#### WORK TO COMPLETE
With the pictures left out, retype exactly the lines below starting at the line that contains "MÉXICO, D.F., 02JUNIO2009.- Fernado" and ending at the line that contains "Coloured labels on".
Top of ENTRIES SHOWN
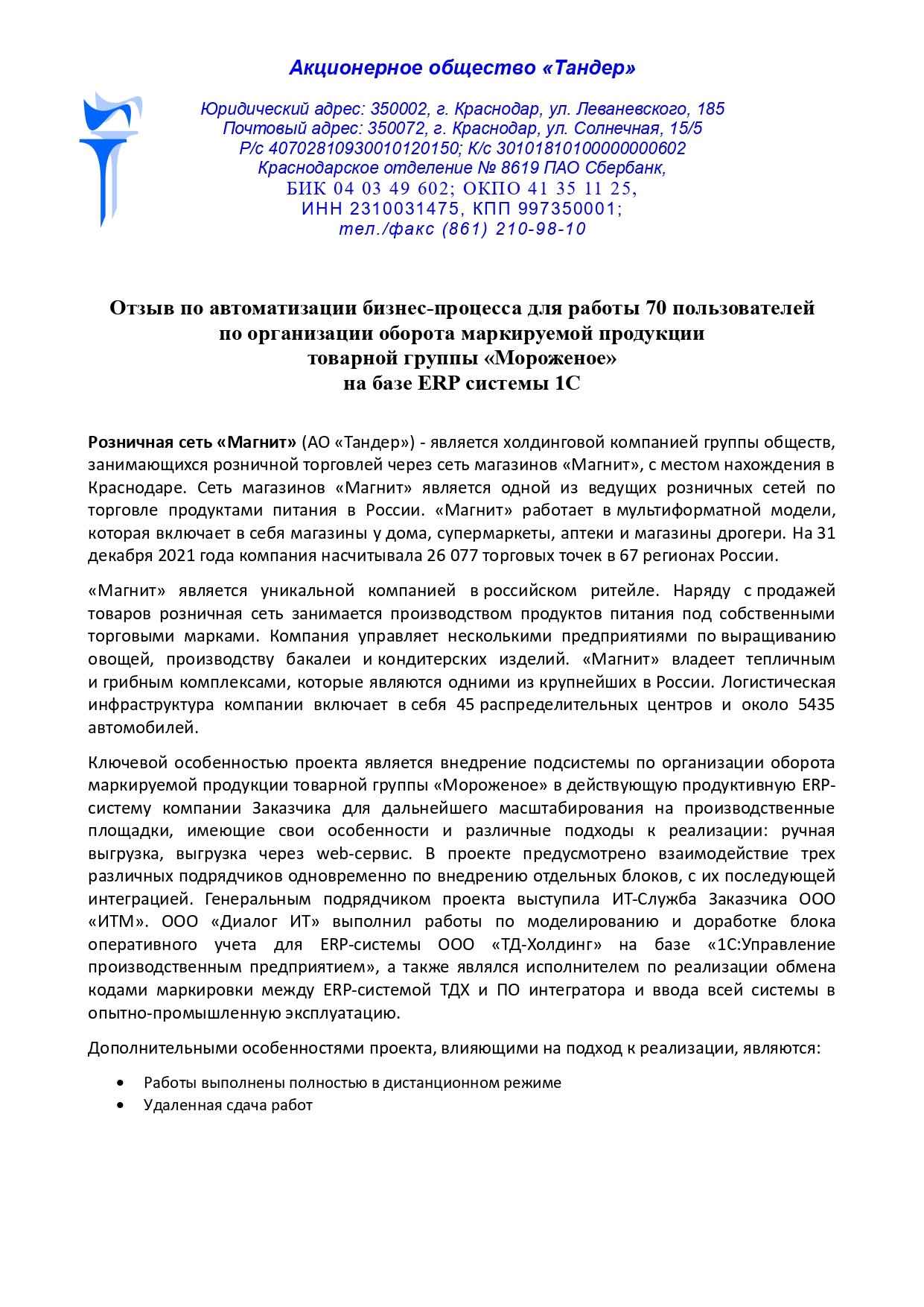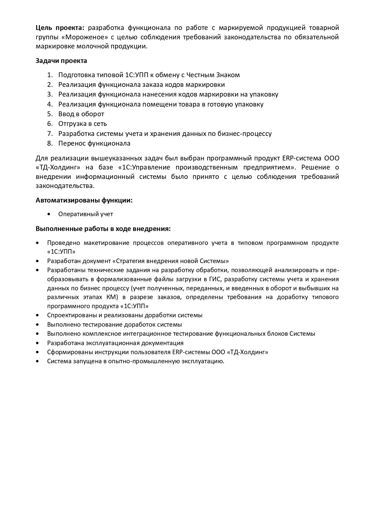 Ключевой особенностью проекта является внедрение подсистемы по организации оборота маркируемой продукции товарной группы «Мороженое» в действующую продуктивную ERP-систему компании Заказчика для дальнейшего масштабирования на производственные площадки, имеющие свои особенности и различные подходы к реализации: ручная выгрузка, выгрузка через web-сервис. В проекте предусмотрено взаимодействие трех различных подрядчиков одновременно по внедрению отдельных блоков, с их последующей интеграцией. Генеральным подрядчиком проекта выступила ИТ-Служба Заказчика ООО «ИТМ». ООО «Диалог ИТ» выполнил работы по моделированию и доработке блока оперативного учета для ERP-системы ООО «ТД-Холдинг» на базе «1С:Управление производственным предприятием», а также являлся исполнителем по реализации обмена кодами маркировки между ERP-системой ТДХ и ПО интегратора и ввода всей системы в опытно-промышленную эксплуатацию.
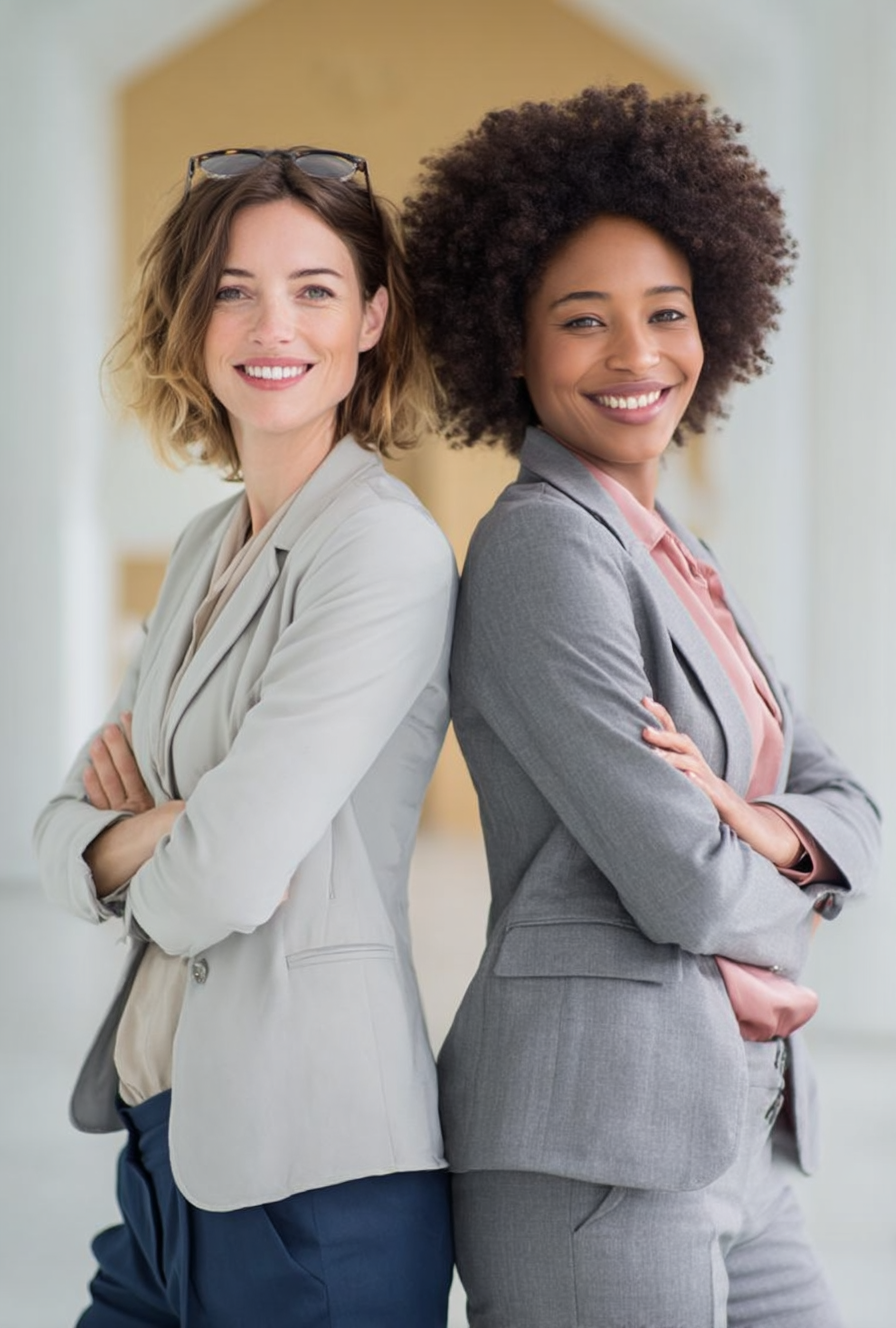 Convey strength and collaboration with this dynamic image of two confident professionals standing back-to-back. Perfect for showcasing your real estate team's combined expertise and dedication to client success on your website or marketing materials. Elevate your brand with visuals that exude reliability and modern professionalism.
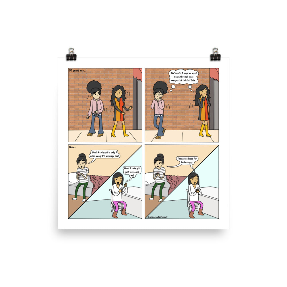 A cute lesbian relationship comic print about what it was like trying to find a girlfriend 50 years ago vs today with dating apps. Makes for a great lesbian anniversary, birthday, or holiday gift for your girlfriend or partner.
Bottom of ENTRIES SHOWN
Top of ENTRIES SHOWN
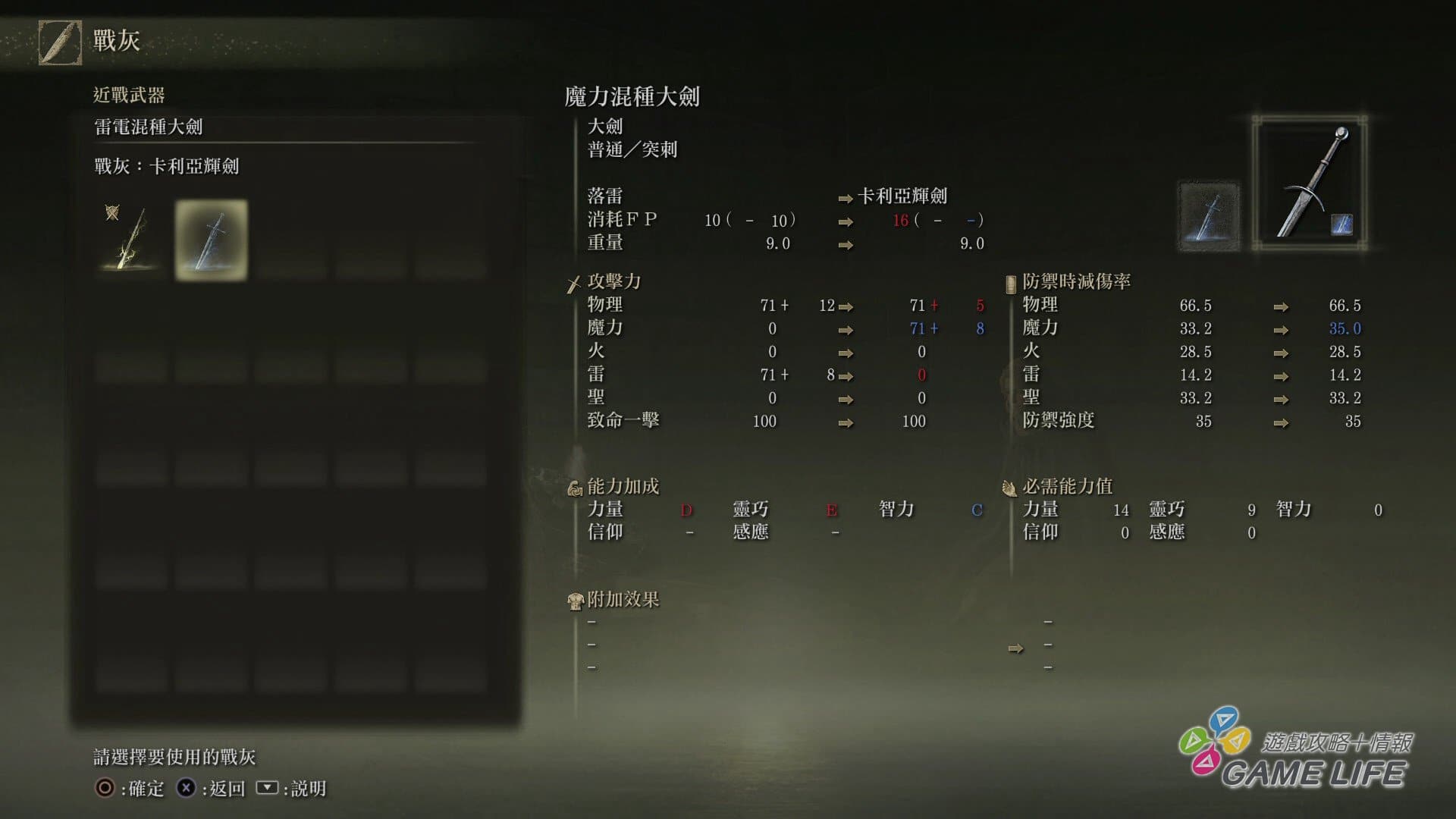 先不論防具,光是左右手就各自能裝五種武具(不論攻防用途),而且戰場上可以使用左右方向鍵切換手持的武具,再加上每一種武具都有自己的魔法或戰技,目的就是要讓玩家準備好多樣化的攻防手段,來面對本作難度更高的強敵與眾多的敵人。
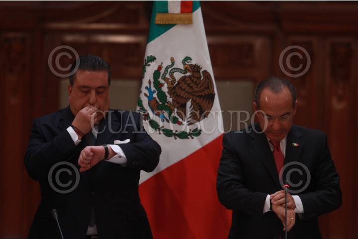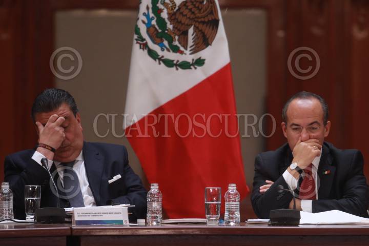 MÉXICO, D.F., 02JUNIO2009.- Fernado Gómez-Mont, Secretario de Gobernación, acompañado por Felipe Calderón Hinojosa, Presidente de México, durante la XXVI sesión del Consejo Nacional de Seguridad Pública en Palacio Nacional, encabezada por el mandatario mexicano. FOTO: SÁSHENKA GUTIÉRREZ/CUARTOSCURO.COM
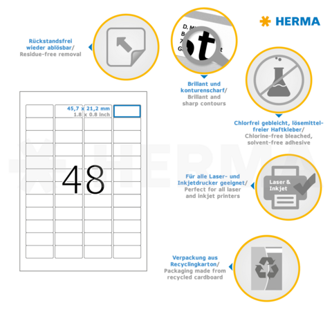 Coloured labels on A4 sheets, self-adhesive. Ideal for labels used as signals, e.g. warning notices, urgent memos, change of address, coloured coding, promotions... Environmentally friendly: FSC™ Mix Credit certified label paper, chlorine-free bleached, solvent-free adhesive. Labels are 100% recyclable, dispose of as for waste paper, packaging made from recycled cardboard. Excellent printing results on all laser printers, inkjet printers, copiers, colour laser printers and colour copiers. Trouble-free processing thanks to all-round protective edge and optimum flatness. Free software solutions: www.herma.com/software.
Bottom of ENTRIES SHOWN
Top of ENTRIES SHOWN
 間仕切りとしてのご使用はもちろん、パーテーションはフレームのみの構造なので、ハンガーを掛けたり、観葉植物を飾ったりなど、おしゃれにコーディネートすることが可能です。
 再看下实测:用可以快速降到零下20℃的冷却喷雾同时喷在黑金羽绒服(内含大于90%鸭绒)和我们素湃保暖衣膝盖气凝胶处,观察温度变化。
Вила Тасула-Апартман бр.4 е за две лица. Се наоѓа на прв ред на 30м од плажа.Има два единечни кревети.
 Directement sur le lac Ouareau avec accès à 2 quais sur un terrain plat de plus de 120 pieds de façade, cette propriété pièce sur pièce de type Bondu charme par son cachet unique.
Bottom of ENTRIES SHOWN
#### ANSWER FOR THIS EXERCISE
 MÉXICO, D.F., 02JUNIO2009.- Fernado Gómez-Mont, Secretario de Gobernación, acompañado por Felipe Calderón Hinojosa, Presidente de México, durante la XXVI sesión del Consejo Nacional de Seguridad Pública en Palacio Nacional, encabezada por el mandatario mexicano. FOTO: SÁSHENKA GUTIÉRREZ/CUARTOSCURO.COM
 Coloured labels on A4 sheets, self-adhesive. Ideal for labels used as signals, e.g. warning notices, urgent memos, change of address, coloured coding, promotions... Environmentally friendly: FSC™ Mix Credit certified label paper, chlorine-free bleached, solvent-free adhesive. Labels are 100% recyclable, dispose of as for waste paper, packaging made from recycled cardboard. Excellent printing results on all laser printers, inkjet printers, copiers, colour laser printers and colour copiers. Trouble-free processing thanks to all-round protective edge and optimum flatness. Free software solutions: www.herma.com/software.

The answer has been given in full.